Download Free CompTIA CySA+ CS0-002 Practice Test Questions, CompTIA CySA+ CS0-002 Exam Dumps
|CompTIA.test-king.CS0-002.v2023-11-05.by.theo.162q.vce||2||6.75 MB||Nov 12, 2023|
|CompTIA.braindumps.CS0-002.v2020-06-26.by.albie.25q.vce||3||244.66 KB||Oct 05, 2020|
Similar CompTIA Video Courses
Only Registered Members Can Download VCE Files or View Training Courses
Please fill out your email address below in order to Download VCE files or view Training Courses. Registration is Free and Easy - you simply need to provide an email address.

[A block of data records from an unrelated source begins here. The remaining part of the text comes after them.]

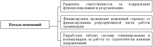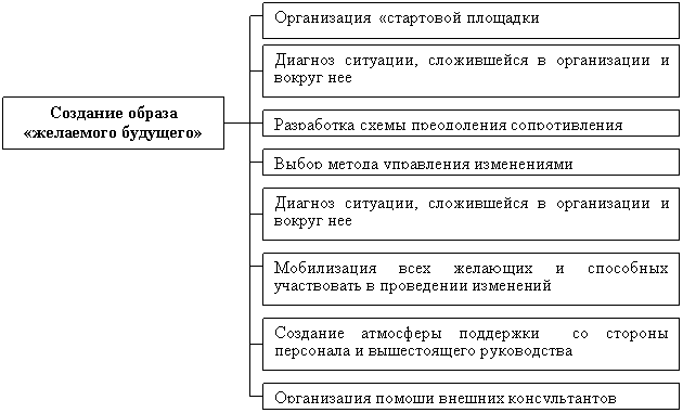 1. создание образа «желаемого будущего» - того, к чему должна стремиться организация. Формирование этого образа важно совместить с организацией так называемой «стартовой площадки» (первого подразделения, включившегося в изменения и демонстрирующего результаты изменений) (Рис.11.4);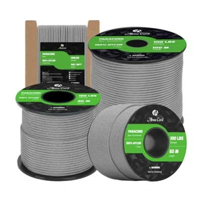 TYPE I PARACORD 100LBS: The 2mm paracord is made of high-strength nylon, which has 1 inner strand, wrapped with an abrasion resistant 16 strand braided sheath. And inner strand is made of 3 twisted yarns. With a tensile strength of 45kg (100lbs) and excellent toughness, this rope demonstrates stable reliability in scenarios such as light load-bearing and everyday fixation, making it a robust and well-defined safety device. EXCELLENT DURABILITY: The parachute cord has excellent tensile strength, abrasion and corrosion resistance, and can be used reliably in a variety of harsh environments such as outdoors, in humid conditions and under high loads. It is not easy to wear, age or break. These characteristics extend the life of the utility rope, providing users with a more economical and reliable high-performance solution in the long run. HIGH PERFORMANCE: The paracord boasts excellent UV resistance, mildew resistance, corrosion resistance, and colorfastness, as well as resistance to common chemicals. These properties make it resistant to fading in complex outdoor environments such as sun exposure and rain, effectively preventing rope aging and strength loss, and ensuring consistent performance over time. 2MM x 50M SPOOL: Available in 40+ colors and multiple lengths, it can meet diverse needs from professional tasks to personal preferences. Meanwhile, the spool design of this 50m rope makes it very convenient to use, store, and carry. Users can easily cut it to any length as needed, flexibly adapting to various usage scenarios and achieving a high degree of unity between personalization and practicality. MULTI-PURPOSE ROPE: The tactical cord is suitable for bundling, fixing objects, DIY crafts such as bracelets, pet collars, belts, key chains, tool packaging, etc. In addition, it is also widely used in camping, fishing and hiking, because of its high strength and good abrasion resistance. Cord combines everyday practicality with professional needs, making it a reliable multi-functional piece of equipment. NOT FOR CLIMBING!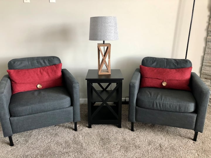 - დასასვენებლად დასაქირავებელი საცხოვრებლები გარე დასაჯდომი ადგილებით: Platte River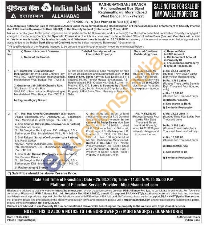All that piece and parcel of Land measuring an area of 4.25 Decimal land and building thereupon, in the name of Smt. Sanju Roy vide Sale Deed No. 1-116 dated 07.01.1997, under Mouza - Srikantabati, P.S. Raghunathganj, R.S. Khatian No. 4281. JL. No. 114, Plot No. 474, 475. Butted & Bounded by: North: Metalled Road, South: Property of Dilip Saha, East: Property of Akhil Saha, West: Property of Biswanath Saha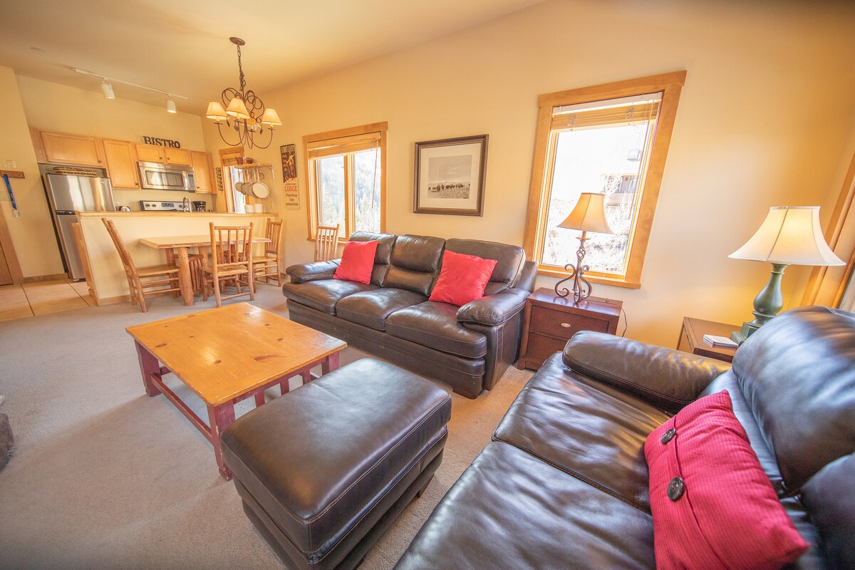 Micro two bedroom nestled in the trees about one mile south of downtown and the ski area. Decorated in a hip mountain-modern style, we have everything you'd need for a fantastic woodsy getaway. Sit on the massive sofa and stream a movie or enjoy the treetop setting from the large deck. This place is way cooler than your typical ski condo. Not ski-in, ski-out and not right in town, but hiking trails and the free town/ski shuttle are a few hundred feet away. Or walk about a mile to Main Street.

Log into your ExamCollection Account
Please Log In to download VCE file or view Training Course
Only registered Examcollection.com members can download vce files or view training courses.
SPECIAL OFFER: GET 10% OFF
Pass your Exam with ExamCollection's PREMIUM files!
SPECIAL OFFER: GET 10% OFF
Use Discount Code:
A confirmation link was sent to your e-mail.
Please check your mailbox for a message from firstname.lastname@example.org and follow the directions.
Download Free Demo of VCE Exam Simulator
Experience Avanset VCE Exam Simulator for yourself.
Simply submit your e-mail address below to get started with our interactive software demo of your free trial.